Complete a Warm-up and a Cool-Down
Some muscle soreness occurs because you are not completing a warm-up or a cool-down. This is especially true when you are working out when sore. Warming up and cooling down is also essential for reducing exercise-related injuries.
Avoid Training Your Sore Muscles
One rule of working out with sore muscles is to avoid overtraining. If your lower body is sore, consider working out your upper body. While overtraining may sound like a way to see results faster, it will only result in more soreness and injuries.
Consider a Light Workout
If you are wondering should you exercise when sore, the answer depends on the type of exercise you want to perform. Consider skipping the intense workout and instead, complete a lighter workout. Consider a light cardio workout, swimming, Tai Chi, or something similar.
Focus on Lengthening
If you want to exercise when sore, consider doing a lengthening workout like yoga, Pilates, or barre.

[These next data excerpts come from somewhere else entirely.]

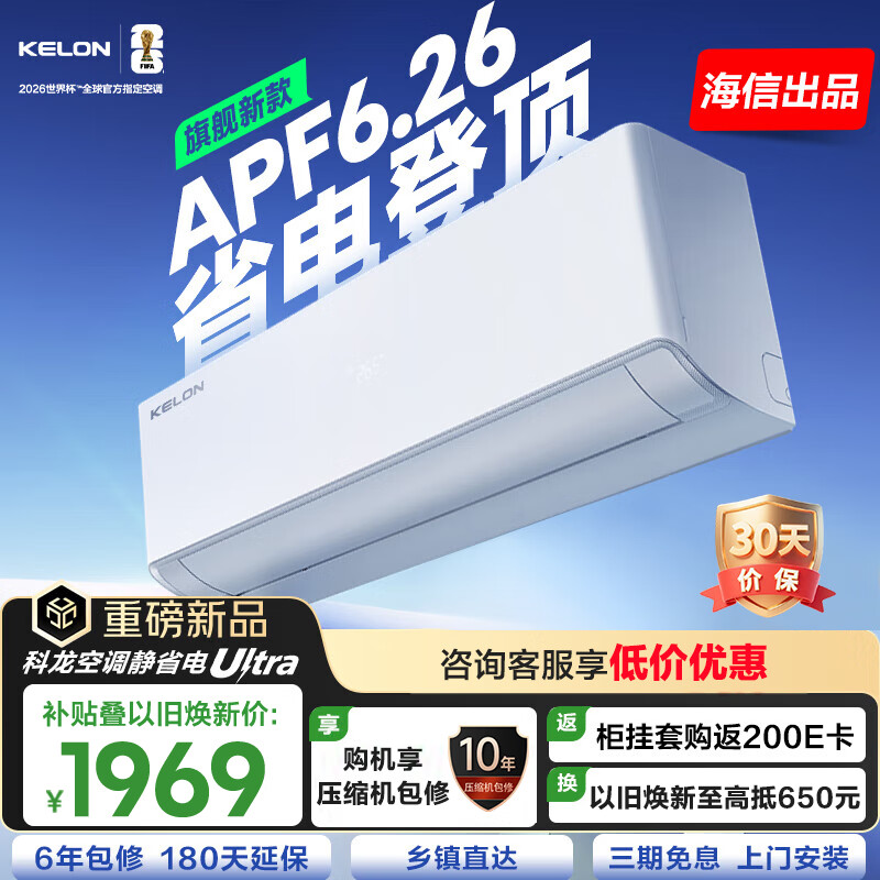 科龙空调大1.5匹 海信出品 静省电Ultra 新一级变频冷暖挂机双排顶配以旧换新KFR-35GW/QS1Ultra-X1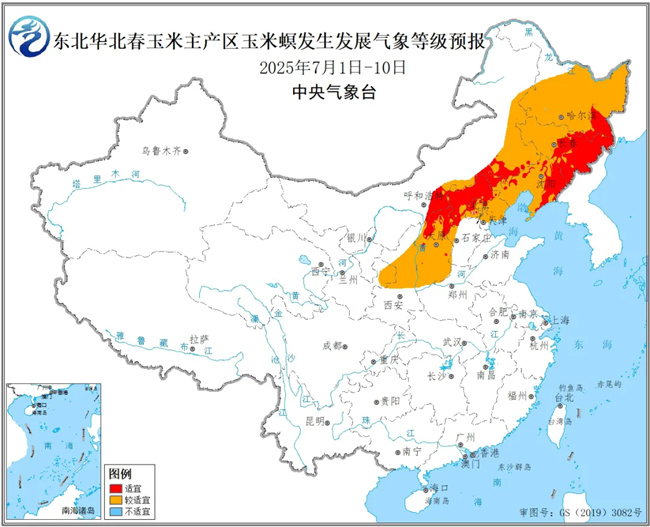 未來10天東北華北春玉米主產區玉米螟發生發展氣象等級預報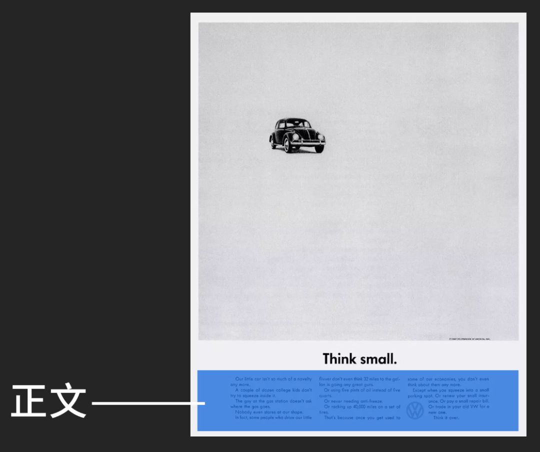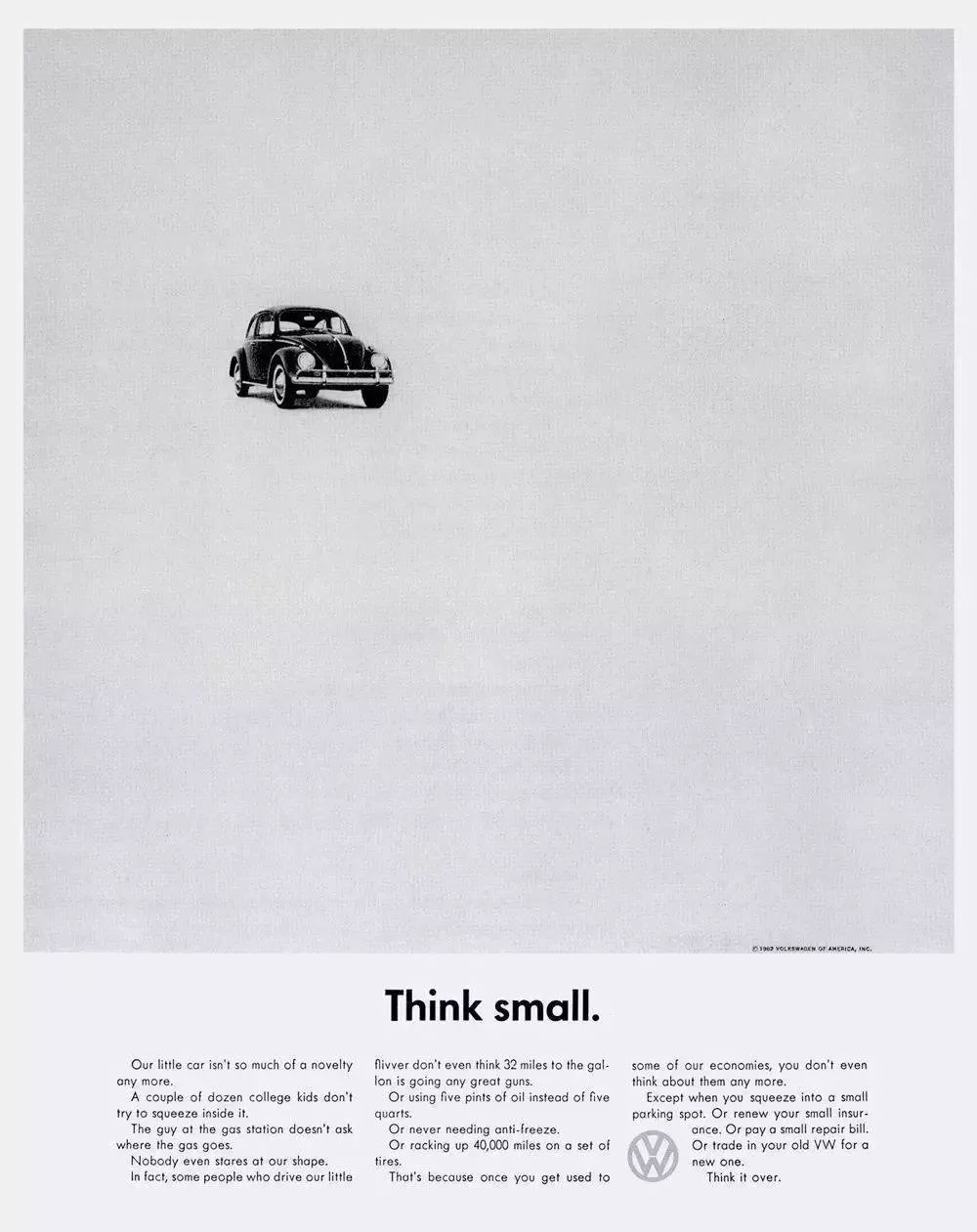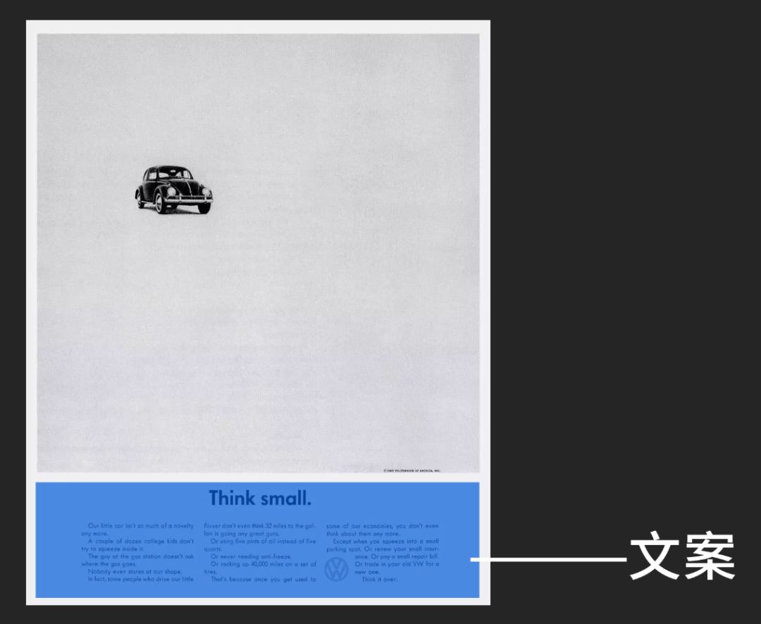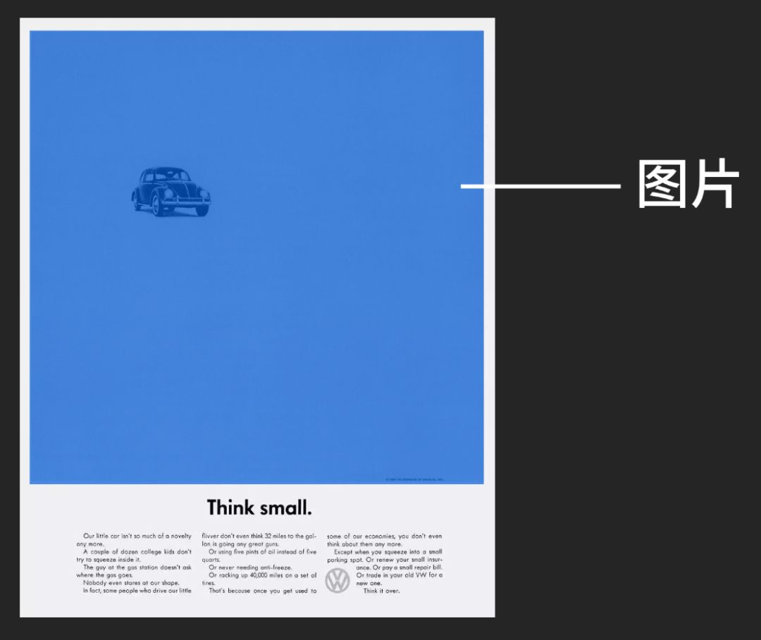 还有一种非常简练的构图,那是DDB公司在“创意革命”期间,定下的标准,一张大照片占据四分之三的页面,其次是标题下的图片,最后是正文和品牌标志。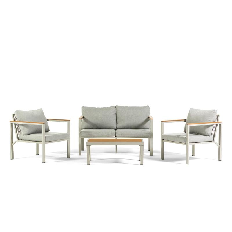 RATTATAN Salon de jardin avec canapé 2 places, 2 fauteuils et table basse en acier corde polywood avec coussins pour jardin terrasse - Ravello - grei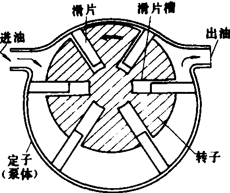 图2 转子泵工作原理 滑片泵 主要由转子、定子和在定子的滑片槽中作径向滑动的滑片组成(图3)。转子偏置在定子中形成了宽度不等的环形通道,并由滑片隔成容积不等的封闭油腔。当转子带着滑片旋转时,滑片在离心力作用下与定子内壁始终保持接触。各油腔随转子改变容积,完成吸油和排油。滑片泵常用作中、低压液压泵。
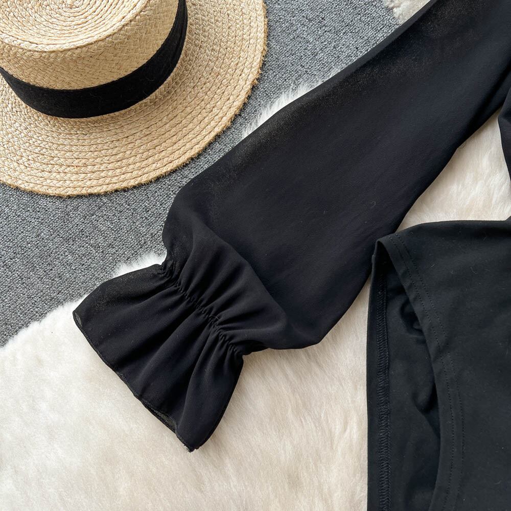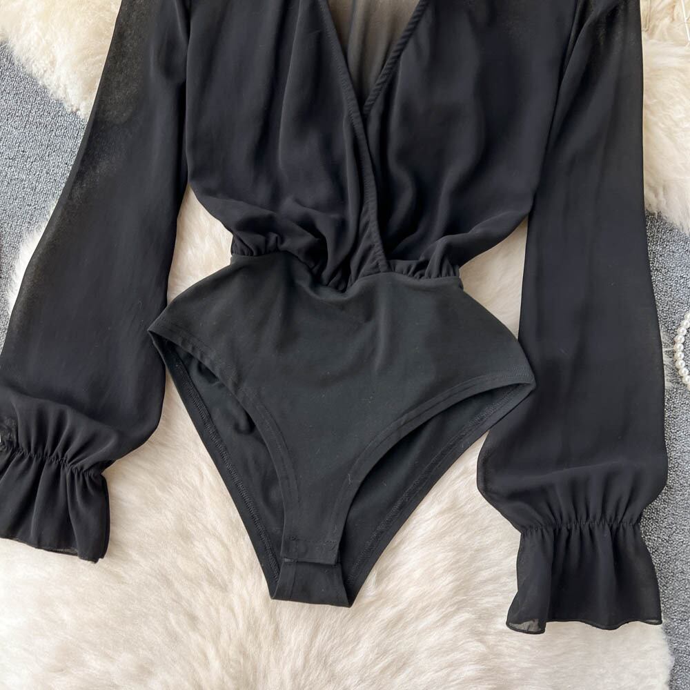 春秋新作 プルオーバー トランペットスリーブ 深いVネック 黒 純情風 ウエスト スリム ハイK ジャンプスーツ 潮 ブラック スプリング 春物 オータム 秋物 ピュア lyxaj26078773606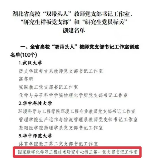 (通讯员:赵悦)近日,中共湖北省委教育工委公布了全省高校“双带头人”教师党支部书记工作室、“研究生样板党支部”和“研究生党员标兵”培育创建名单,学部国家数字化学习工程技术研究中心教工第一党支部成功入选全省高校“双带头人”教师党支部书记工作室创建单位,2022级教育技术学硕士研究生连世强成功入选全省高校“研究生党员标兵”创建名单。
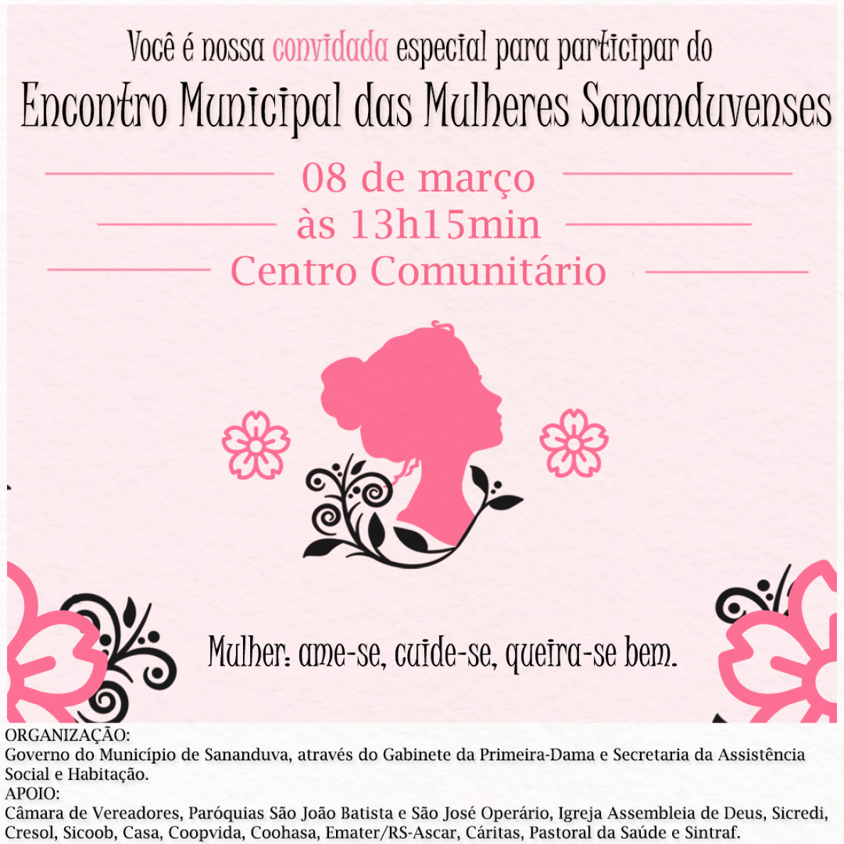 Com o tema “Mulher: ame-se, cuide-se, queira-se bem”, o Encontro Municipal das Mulheres Sananduvenses acontece na próxima terça-feira, dia 08 de março, a partir das 13h15min, no Centro Comunitário da Paróquia São João Batista.

These workouts will condition your muscles while stretching them out at the same time. Stretching can help you combat your muscle soreness and speed up your recovery.
Follow These Tips if You Are Working Out While Sore
Working out while sore is possible as long as you take a few precautions.
First, make sure to properly assess your soreness to determine if you need a rest day. You should also drink plenty of water, make sure to warm up and cool-down, and avoid over-training. Consider completing a light workout or one that focuses on lengthening.
Follow these tips to have a safe and effective workout, even with sore muscles.